> **Action item**:
Copy each line below as it stands, but skip any picture it contains.

[Dataset items]
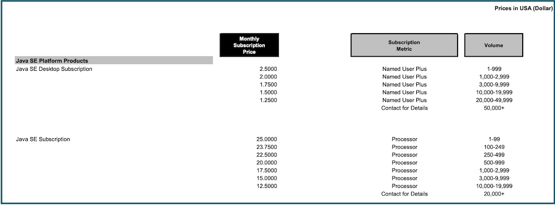 Oracle Java SE Subscription이 발표되었을 때, 가장 많은 논란이 된 것은 자바 개발자 컴퓨터도 Subscription 대상이 되는가에 대한 질문입니다. <그림 2>의 가격 테이블 첫 부분에 “Java SE Desktop Subscription”이 나와 있다 보니 이 문제가 더 크게 주목받은 것 같습니다.
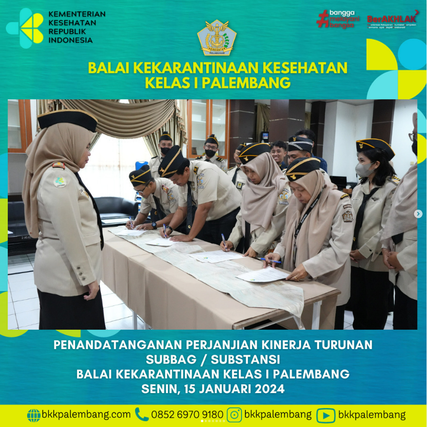 Perjanjian Kinerja turunan sebagai bentuk komitmen pelaksanaan Indikator Kinerja Substansi untuk mendukung tercapainya target Indikator Kinerja Utama tahun 2024 di Balai Kekarantinaan Kesehatan Kelas I Palembang.
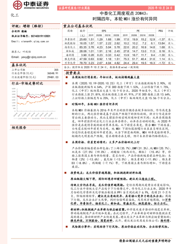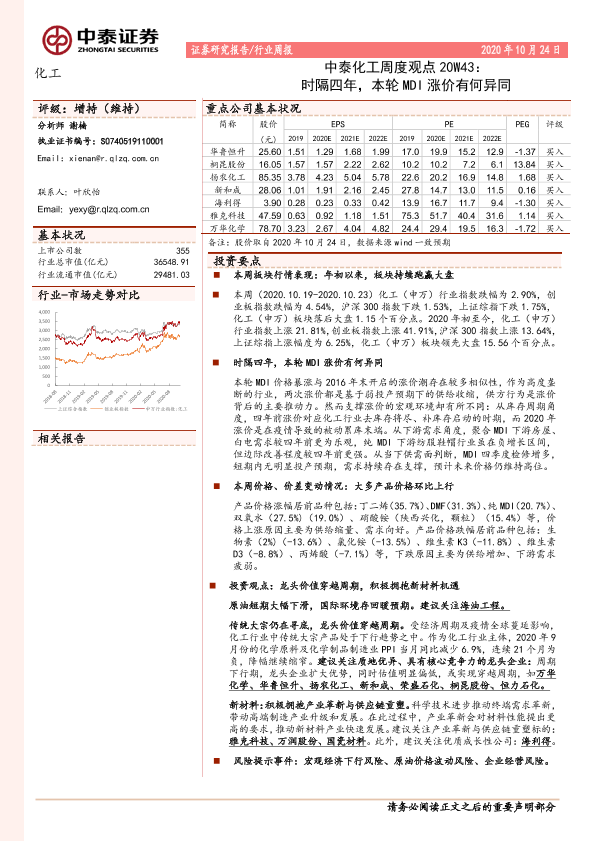 【中泰证券】【20201024】中泰化工周度观点20W43:时隔四年,本轮MDI涨价有何异同-30页
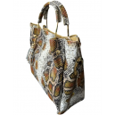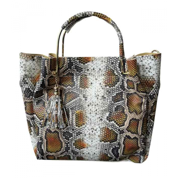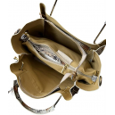 Skórzana torba typu shopper. Jednokomorowa zapinana na zamek. Dodatkowo torebka posiada wyjmowaną kosmetyczkę środku zapinaną zna zamek. Torebka ma krótkie i długie rączki.
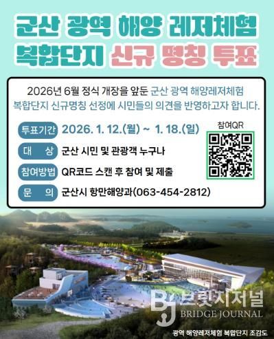브릿지저널 윤나영 기자 | 군산시가 군산 광역 해양레저체험 복합단지의 새로운 명칭과 관련한 시민 참여 선호도 조사를 18일까지 실시한다.
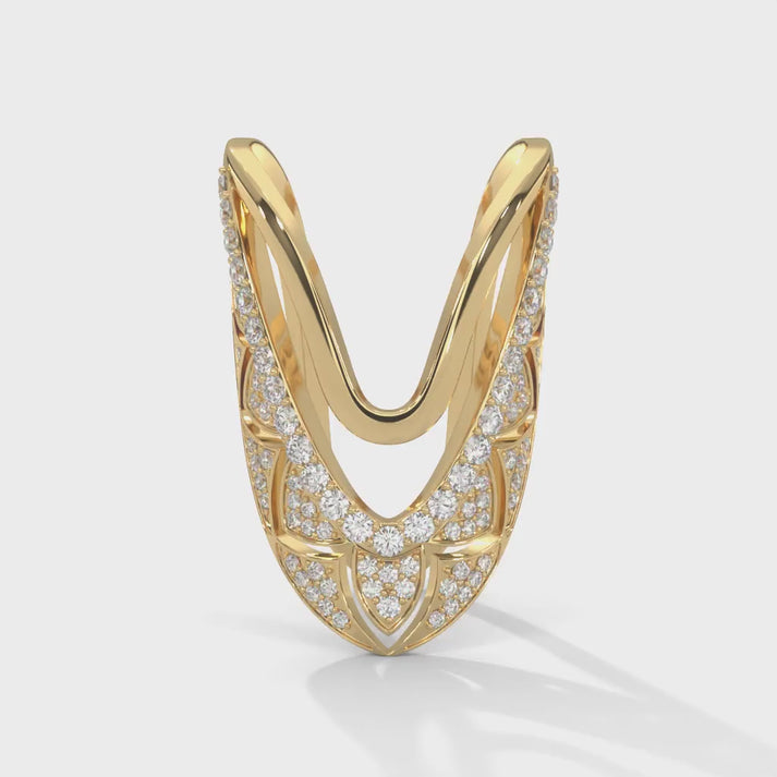 The Aahana Vanaki Ring showcases the epitome of luxury and craftsmanship. Featuring diamonds of VS-SI clarity, the ring radiates brilliance with its exceptional sparkle. The diamonds are gradedFG for color, ensuring a near-colorless appearance that enhances their natural brilliance.
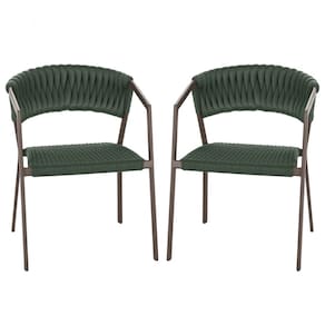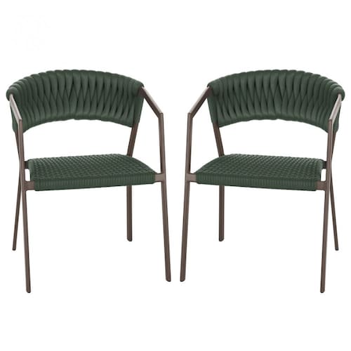 2 Cadeiras Atenas Tricô Náutico e Alumínio com Proteção UV para Varanda, Cozinha, Área, Jardim - Pintura Marrom - Verde
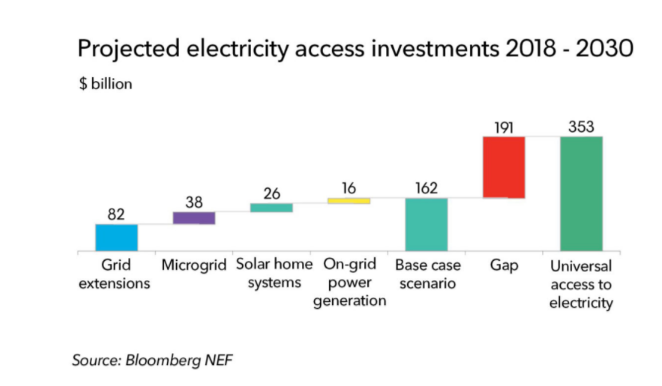 然而,到2020年中期,分布式技术将建立供应链和更便宜的组件。此外,在那时,电网扩展和微电网之间的竞争在经济上可行的区域将更少。基于这些假设,彭博社团队认为,到2030年,有2.38亿户家庭获得电力供应,7200万家庭将使用太阳能家庭系统,3400万家庭将从微电网获取能源。
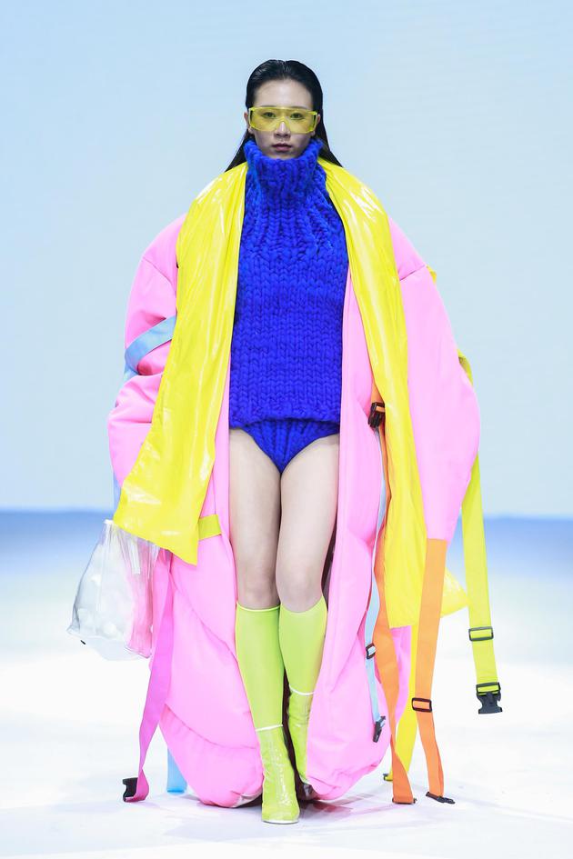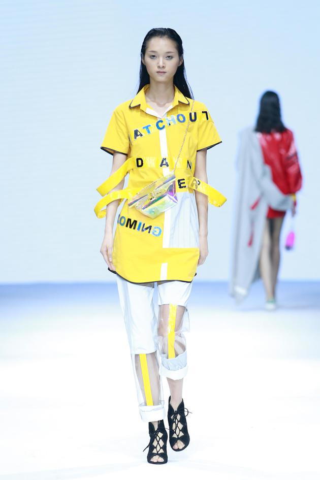 以环卫工人及道路标志的夜光特质为灵感,从斑马线,警告牌,警示标识等元素中提取出醒目且具有冲击力的色彩,结合水泥灰色的环保发光面料进行设计和制作。
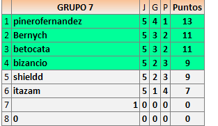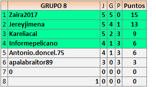 4En está página se irán publicando los resultados de las diferentes partidas, siendo ambos jugadores responsables de subirlos o de comprobar que ya hayan sido publicados insertando un COMENTARIO en la parte inferior de la pantalla (opción “Deja tu comentario”), indicando el nombre de los dos jugadores y los puntos obtenidos en la partida.
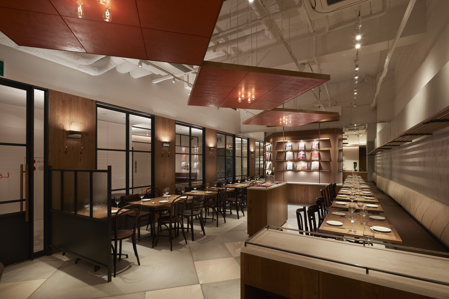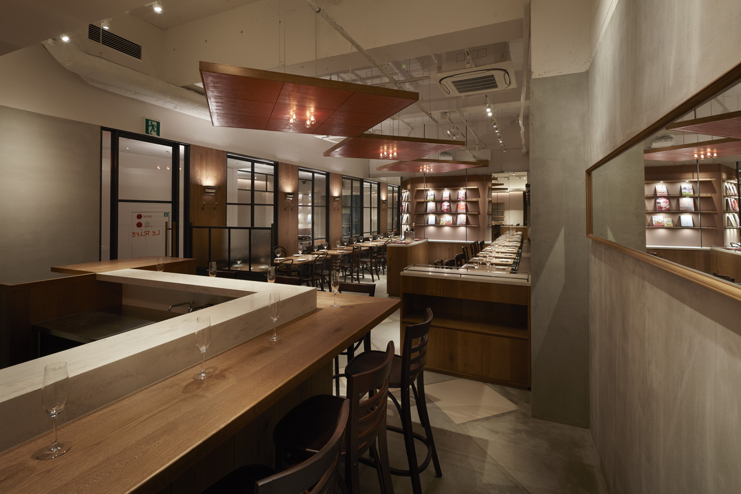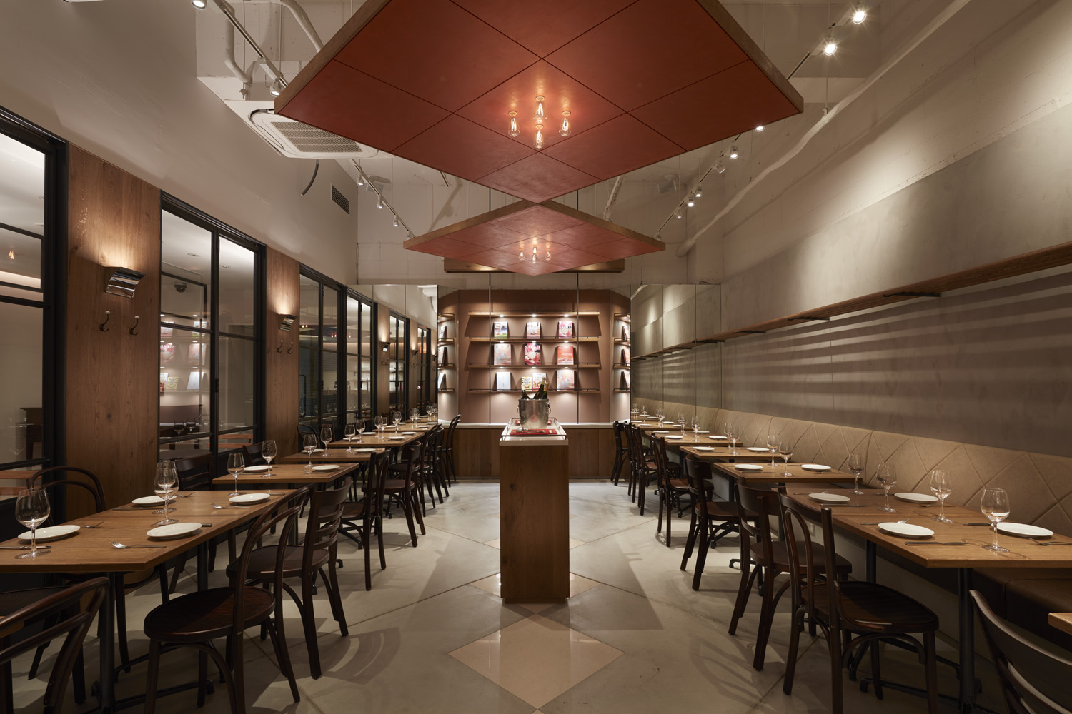 そこで、ブラッスリー本来の意味でもあるビアホールを表現し、一つの大きな空間としている。
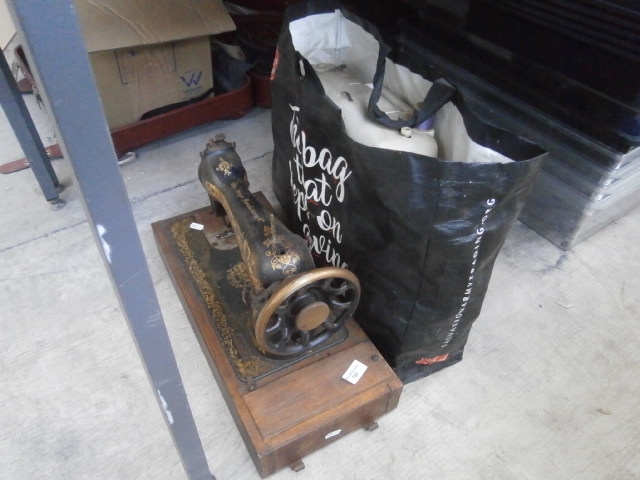A vintage black metal sewing machine with gold accents, mounted on a wooden base with a drawer.
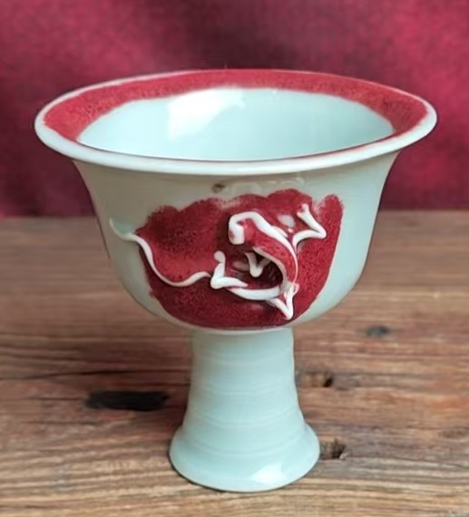 元釉里红蟠螭纹高足杯
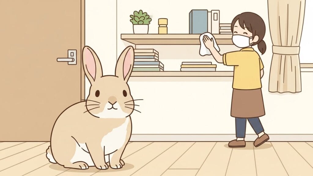 - 寝室には置かない:寝ている間は無防備だから、アレルギー物質を長時間吸い込むのを避けるため、ケージはリビングや別の部屋に置くのが理想的だよ。
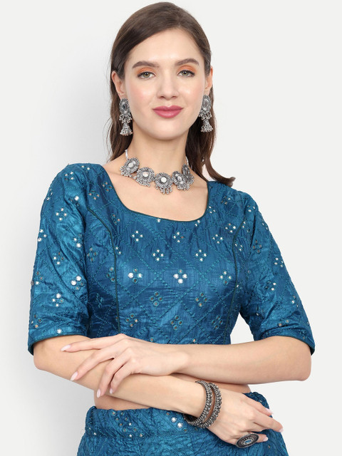 Blue embellished semi-stitched blouse, has a round neck, short sleeves, zip closure
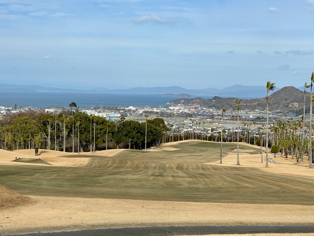 愛媛シリーズ2日目はパブリックの奥道後ゴルフクラブです。道後温泉から25分ほどです。おおー、眺めが良い!

> **Answer box**:
 Oracle Java SE Subscription이 발표되었을 때, 가장 많은 논란이 된 것은 자바 개발자 컴퓨터도 Subscription 대상이 되는가에 대한 질문입니다. <그림 2>의 가격 테이블 첫 부분에 “Java SE Desktop Subscription”이 나와 있다 보니 이 문제가 더 크게 주목받은 것 같습니다.
 Perjanjian Kinerja turunan sebagai bentuk komitmen pelaksanaan Indikator Kinerja Substansi untuk mendukung tercapainya target Indikator Kinerja Utama tahun 2024 di Balai Kekarantinaan Kesehatan Kelas I Palembang.
 【中泰证券】【20201024】中泰化工周度观点20W43:时隔四年,本轮MDI涨价有何异同-30页
 Skórzana torba typu shopper. Jednokomorowa zapinana na zamek. Dodatkowo torebka posiada wyjmowaną kosmetyczkę środku zapinaną zna zamek. Torebka ma krótkie i długie rączki.
브릿지저널 윤나영 기자 | 군산시가 군산 광역 해양레저체험 복합단지의 새로운 명칭과 관련한 시민 참여 선호도 조사를 18일까지 실시한다.
 The Aahana Vanaki Ring showcases the epitome of luxury and craftsmanship. Featuring diamonds of VS-SI clarity, the ring radiates brilliance with its exceptional sparkle. The diamonds are gradedFG for color, ensuring a near-colorless appearance that enhances their natural brilliance.
 2 Cadeiras Atenas Tricô Náutico e Alumínio com Proteção UV para Varanda, Cozinha, Área, Jardim - Pintura Marrom - Verde
 然而,到2020年中期,分布式技术将建立供应链和更便宜的组件。此外,在那时,电网扩展和微电网之间的竞争在经济上可行的区域将更少。基于这些假设,彭博社团队认为,到2030年,有2.38亿户家庭获得电力供应,7200万家庭将使用太阳能家庭系统,3400万家庭将从微电网获取能源。
 以环卫工人及道路标志的夜光特质为灵感,从斑马线,警告牌,警示标识等元素中提取出醒目且具有冲击力的色彩,结合水泥灰色的环保发光面料进行设计和制作。
 4En está página se irán publicando los resultados de las diferentes partidas, siendo ambos jugadores responsables de subirlos o de comprobar que ya hayan sido publicados insertando un COMENTARIO en la parte inferior de la pantalla (opción “Deja tu comentario”), indicando el nombre de los dos jugadores y los puntos obtenidos en la partida.
 そこで、ブラッスリー本来の意味でもあるビアホールを表現し、一つの大きな空間としている。
A vintage black metal sewing machine with gold accents, mounted on a wooden base with a drawer.
 元釉里红蟠螭纹高足杯
 - 寝室には置かない:寝ている間は無防備だから、アレルギー物質を長時間吸い込むのを避けるため、ケージはリビングや別の部屋に置くのが理想的だよ。
 Blue embellished semi-stitched blouse, has a round neck, short sleeves, zip closure
 愛媛シリーズ2日目はパブリックの奥道後ゴルフクラブです。道後温泉から25分ほどです。おおー、眺めが良い!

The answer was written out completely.